On December 3, 1864, the corps was ordered discontinued. The white troops of the Tenth and Eighteenth Corps were organized into one corps, designated as the Twenty-fourth; the colored troops belonging to the Tenth and Eighteenth were organized as another, which was designated the Twenty-fifth. The regiments of the Eighteenth were formed into a division of three brigades, which became Devens' (3d) Division of the Twenty-fourth Corps.
As the Eighteenth Corps was to remain in Virginia with the Army, it is difficult to understand what good reason the War Department could have had for thus wiping out the honored name under which the corps had fought so long and well...

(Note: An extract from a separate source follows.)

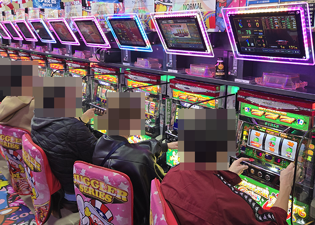 「ジャグラーガールズSS」や「ゴーゴージャグラー3」などでもプレイヤーが活躍中と、各機種が大きくにぎわっていた。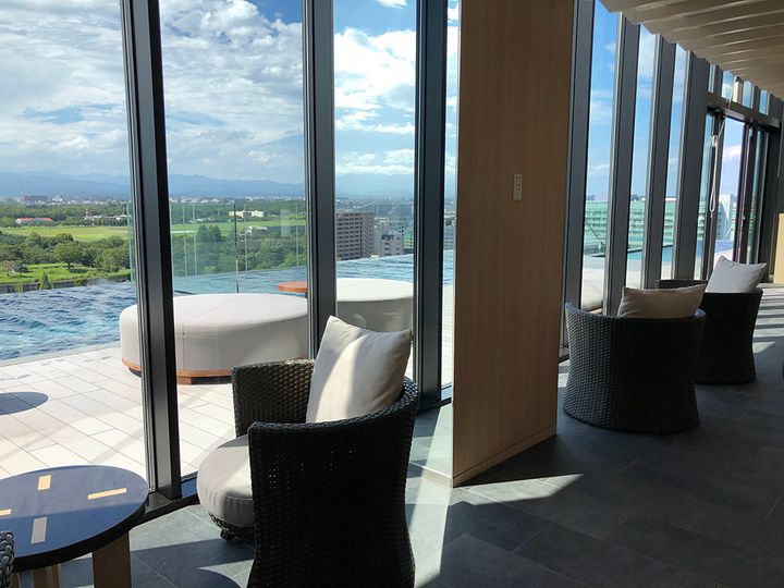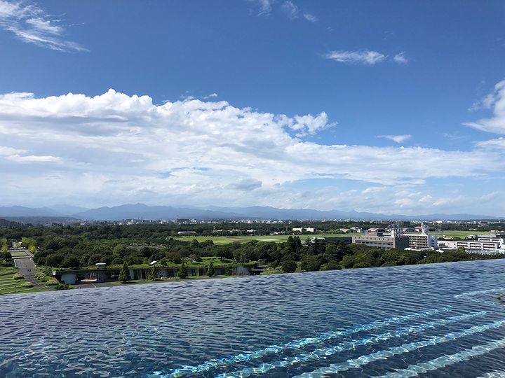 11階のインフィニティプールは、水面と緑豊かな景色が溶け込み、そこには無限に広がる美しい世界が。晴れて空気の澄んだ日には富士山が見られるのだとか。プカプカとプールに浮かんでいると、まるで天空にいるかのような気持ちになります。

In the playtest, if the 50,000-man coastal invasion force signified an extraordinary strategic commitment by the Union AI to coastal ops, then maybe. But if that was just supposed to be an ordinary effort, as part of an overall Union strategy with the major commitments elsewhere, then 50,000 seems excessive.
I don't know how much control you as Union AI coder have over this, but FWIW this is more food for thought.